Description Mitch Davis 2007-02-11 15:39:56 UTC
Most recent kernel where this bug did *NOT* occur: n/a

Distribution: initramfs (bins from FC6)

Hardware Environment: Toshiba Satellite A100 laptop, Celeron M 1.4GHz, 512M RAM,
SIL SATA HD

Software Environment: virtually no dev drivers.  no net, no blk, no usb, no
anything except for VGA console, keyboard and RTC

Hello,

Thanks for the work you guys do with ACPI.
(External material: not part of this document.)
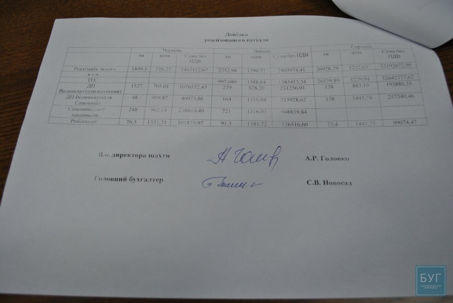Є розбіжності в підрахунках, які здійснювались адміністрацією шахти. Зокрема, за серпень місяць реалізовано 138 тонн вугілля за ціною 883.19 гривень за тонну. В сумі це 121880.22 гривень. Однак у офіційній відповіді керівника це число становить 193880, 35 гривень, тобто більше на 72 тисячі гривень. Де ділись більше 70-ти тисяч, куди їх “списали” і чому не вказана реальна вартість вугілля ніхто не знає. Невже керівництво вугільного підприємства не очікувало, що хтось візьметься перераховувати числа?

I have a Toshiba A100-105 laptop which has trouble resuming after
suspend-to-RAM.  The BIOS says the laptop is an "ATI RC410MB+SB450 (Goldfish)".
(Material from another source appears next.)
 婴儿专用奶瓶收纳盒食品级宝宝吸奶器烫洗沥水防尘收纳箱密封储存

After Matthew Garret's great talk at LCA2007, I grabbed 2.6.20-rc5 (now 2.6.20)
from kernel.org, turned on CONFIG_PM_TRACE, and turned off as much other stuff
as I could.  There's no block devices, networking, USB, SATA, anything.  I also
made an initramfs with bash and a few utilities from FC6 in it.

After compiling with CONFIG_PM_TRACE and booting into the initramfs, I'm trying
to suspend with echo -n mem > /sys/power/state.

The message "stopping tasks" flashes briefly on the screen, and the power LED
(normally solid green) turns orange and starts doing a rolling fade in/fade out.
 Power to everything seems off.

When I press the power button, the LED goes back to solid green, the backlight
and CD go on, the hard disk LED goes on momentarily, but there is no BIOS screen
and pressing Caps Lock doesn't toggle the LED.  Holding down the power causes
the machine to power-off again (power LED is off) but otherwise there's no
response from the machine.

This continues as long as there's a battery or AC: Turning the laptop on just
turns on the LED and CD.  Removing battery and AC allows the laptop to boot again.

When I reboot, the date and time hasn't changed, which seems to indicate that a
trace value was never written to CMOS.  So I replaced the if() test in
TRACE_RESUME() with if(1).

When I tried again, I found that the date/time was still not changed, which
tells me that the kernel isn't getting as far as resuming any devices.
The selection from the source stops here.